Big Issues, Small Companies

Although the economy exasperates the problem, these difficulties exist for local manufacturers regardless of the economy, says Sorenson, since most Utah manufacturers are small businesses lacking the resources to manage the issues. This results in 450 manufacturers closing their doors every year, on average, regardless of the new start ups that emerge every year. 

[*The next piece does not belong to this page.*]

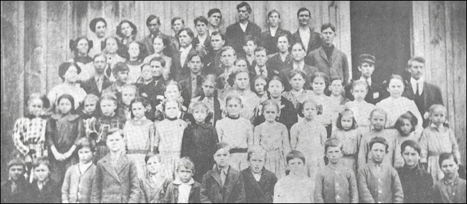 Back row, left to right: Tiny Bradley, Effie Howell, Effie Pittman, Ada Bradley, Avis Housley, Big Jeff Bradley, Ethero Ault, Lewis Thompson, Joe Bradley, Charlie Miller, Howard Beard. Next row: Josie —-, Clara Pittman, Ludie Bradley, Bessie Shuffield, Lee Ault, Coyl Ault, Henry Young, Ernest Talley, Burley Sexton. In between rows: Will Pittman (teacher), Emma Reid Scruggs, Lula Ryan, Ethel Bradley, Mamie Shuffield. Behind front row: Mary Howell, Annie Pittman, —-, Delphie Robbins, John Shuffield, Freeman Pool, Roy Pool, Jim Talley, —-, Willie Sharp, Frank Scruggs, Cleve Williamson, —-, Kelly Sexton, Joe Williamson, —-, —-. Front row: Ruby Talley, Bennie Talley, Estelle Howell, Vela Pittman, Mildred Hatmaker, Hattie Mae Shuffield, Lida Talley, Ollie Thompson, Eva Pool, Vera Pool, Mack Williamson, —-, Dave Bradley, Vander Bradley, Martin Pool, Clyde Sexton, —-, Norvel Williamson

“We have more than 3,900 manufacturers in Utah,” explains Sorenson. “Manufacturing has gone from 12.4 percent employment in the state, 10 years ago, down to, this summer, 8.9 percent. So manufacturing is becoming a smaller and smaller sector of industry. The problem is the economy has grown substantially over that 10-year period [regardless of the current recession]. So had we sustained manufacturing [had it remained at 12.4 percent of the economy], we would have 52,000 additional manufacturing jobs and about 150,000 secondary jobs in the state of Utah than we had a decade ago.”

According to Sorenson, manufacturing provides the largest payroll of the 20 business sectors in Utah, accounting for $5.7 billion in wages—three times the average of the other industry sectors. He says most of Utah’s economic clusters, defined by the Governor’s Office of Economic Development (GOED), are a sub-sector of manufacturing. As one of the fourth largest business sectors in the state along with health care, education and retail, manufacturing employees more than 100,000 with wages 42 percent higher than the average wages in the other sectors and 25 percent higher than the state average for all other jobs.